_DATA FOR REVIEW_:
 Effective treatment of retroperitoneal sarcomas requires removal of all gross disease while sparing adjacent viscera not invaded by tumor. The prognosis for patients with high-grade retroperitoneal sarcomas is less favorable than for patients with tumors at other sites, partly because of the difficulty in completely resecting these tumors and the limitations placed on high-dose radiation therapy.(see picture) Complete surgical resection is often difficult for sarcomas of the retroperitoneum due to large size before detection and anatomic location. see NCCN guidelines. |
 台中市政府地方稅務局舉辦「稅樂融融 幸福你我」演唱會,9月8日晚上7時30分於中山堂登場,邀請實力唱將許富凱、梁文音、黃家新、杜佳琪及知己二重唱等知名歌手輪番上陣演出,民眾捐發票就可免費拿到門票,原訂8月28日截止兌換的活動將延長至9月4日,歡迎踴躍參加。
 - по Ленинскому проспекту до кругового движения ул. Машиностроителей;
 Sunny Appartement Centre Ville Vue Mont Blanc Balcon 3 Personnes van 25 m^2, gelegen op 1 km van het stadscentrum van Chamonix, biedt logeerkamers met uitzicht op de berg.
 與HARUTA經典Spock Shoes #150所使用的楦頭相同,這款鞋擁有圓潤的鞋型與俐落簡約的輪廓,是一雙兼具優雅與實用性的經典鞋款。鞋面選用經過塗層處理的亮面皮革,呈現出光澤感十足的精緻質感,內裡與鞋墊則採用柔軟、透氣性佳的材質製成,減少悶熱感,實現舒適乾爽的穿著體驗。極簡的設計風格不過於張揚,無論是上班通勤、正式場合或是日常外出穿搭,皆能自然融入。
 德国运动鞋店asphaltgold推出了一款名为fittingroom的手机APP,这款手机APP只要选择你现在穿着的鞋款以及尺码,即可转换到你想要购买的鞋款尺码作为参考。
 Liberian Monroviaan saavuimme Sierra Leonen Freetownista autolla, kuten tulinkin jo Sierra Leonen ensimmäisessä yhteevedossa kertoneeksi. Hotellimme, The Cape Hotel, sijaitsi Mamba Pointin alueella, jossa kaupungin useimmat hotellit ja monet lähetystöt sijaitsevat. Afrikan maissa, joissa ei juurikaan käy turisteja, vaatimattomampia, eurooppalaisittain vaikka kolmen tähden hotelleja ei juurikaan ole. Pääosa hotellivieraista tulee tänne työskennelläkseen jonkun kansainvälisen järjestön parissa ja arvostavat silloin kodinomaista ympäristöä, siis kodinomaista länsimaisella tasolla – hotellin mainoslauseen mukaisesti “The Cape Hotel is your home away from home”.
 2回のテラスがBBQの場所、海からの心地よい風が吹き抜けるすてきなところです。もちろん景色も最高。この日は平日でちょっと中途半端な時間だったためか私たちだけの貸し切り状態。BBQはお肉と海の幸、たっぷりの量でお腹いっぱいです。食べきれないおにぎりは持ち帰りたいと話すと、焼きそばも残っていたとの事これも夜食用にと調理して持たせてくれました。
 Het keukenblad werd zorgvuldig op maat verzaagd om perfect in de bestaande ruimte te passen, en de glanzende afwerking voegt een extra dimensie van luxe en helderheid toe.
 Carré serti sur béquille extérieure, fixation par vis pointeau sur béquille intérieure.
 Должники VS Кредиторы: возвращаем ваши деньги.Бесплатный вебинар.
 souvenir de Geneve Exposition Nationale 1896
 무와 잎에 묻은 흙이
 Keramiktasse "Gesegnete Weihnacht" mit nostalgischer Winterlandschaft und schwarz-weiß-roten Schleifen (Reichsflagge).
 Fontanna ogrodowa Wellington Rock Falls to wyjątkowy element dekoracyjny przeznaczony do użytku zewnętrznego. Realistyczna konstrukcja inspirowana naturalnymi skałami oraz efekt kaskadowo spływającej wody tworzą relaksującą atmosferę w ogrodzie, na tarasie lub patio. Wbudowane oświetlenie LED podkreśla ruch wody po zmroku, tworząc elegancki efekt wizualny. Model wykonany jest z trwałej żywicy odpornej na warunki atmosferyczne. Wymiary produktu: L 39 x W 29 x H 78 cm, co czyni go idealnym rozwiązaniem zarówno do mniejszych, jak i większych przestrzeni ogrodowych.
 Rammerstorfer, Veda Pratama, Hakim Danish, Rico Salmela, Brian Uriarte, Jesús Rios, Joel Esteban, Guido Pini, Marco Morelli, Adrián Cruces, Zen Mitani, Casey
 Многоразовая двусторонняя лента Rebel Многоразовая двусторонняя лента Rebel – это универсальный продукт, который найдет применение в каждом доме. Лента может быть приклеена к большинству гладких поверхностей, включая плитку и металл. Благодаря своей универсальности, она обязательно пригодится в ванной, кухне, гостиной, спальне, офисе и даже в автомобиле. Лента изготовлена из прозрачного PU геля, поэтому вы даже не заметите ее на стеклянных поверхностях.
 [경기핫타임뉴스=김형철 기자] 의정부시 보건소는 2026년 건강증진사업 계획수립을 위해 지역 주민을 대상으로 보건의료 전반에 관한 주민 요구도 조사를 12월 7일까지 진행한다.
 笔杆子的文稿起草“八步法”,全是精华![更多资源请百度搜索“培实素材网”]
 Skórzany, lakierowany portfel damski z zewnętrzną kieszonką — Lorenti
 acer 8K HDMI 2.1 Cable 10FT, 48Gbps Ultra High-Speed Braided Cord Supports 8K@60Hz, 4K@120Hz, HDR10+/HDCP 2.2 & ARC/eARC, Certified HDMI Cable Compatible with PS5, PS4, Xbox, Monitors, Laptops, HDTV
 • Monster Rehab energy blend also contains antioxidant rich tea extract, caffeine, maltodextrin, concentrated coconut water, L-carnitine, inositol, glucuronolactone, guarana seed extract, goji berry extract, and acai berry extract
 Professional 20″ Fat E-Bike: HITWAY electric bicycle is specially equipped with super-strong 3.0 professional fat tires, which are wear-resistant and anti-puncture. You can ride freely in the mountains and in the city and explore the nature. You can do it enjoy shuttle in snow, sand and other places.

_YOUR OBJECTIVE_:
If a line of the data contains "with", copy it out.

_ANSWER TO THE PROBLEM_:
 Effective treatment of retroperitoneal sarcomas requires removal of all gross disease while sparing adjacent viscera not invaded by tumor. The prognosis for patients with high-grade retroperitoneal sarcomas is less favorable than for patients with tumors at other sites, partly because of the difficulty in completely resecting these tumors and the limitations placed on high-dose radiation therapy.(see picture) Complete surgical resection is often difficult for sarcomas of the retroperitoneum due to large size before detection and anatomic location. see NCCN guidelines. |
 acer 8K HDMI 2.1 Cable 10FT, 48Gbps Ultra High-Speed Braided Cord Supports 8K@60Hz, 4K@120Hz, HDR10+/HDCP 2.2 & ARC/eARC, Certified HDMI Cable Compatible with PS5, PS4, Xbox, Monitors, Laptops, HDTV
 Professional 20″ Fat E-Bike: HITWAY electric bicycle is specially equipped with super-strong 3.0 professional fat tires, which are wear-resistant and anti-puncture. You can ride freely in the mountains and in the city and explore the nature. You can do it enjoy shuttle in snow, sand and other places.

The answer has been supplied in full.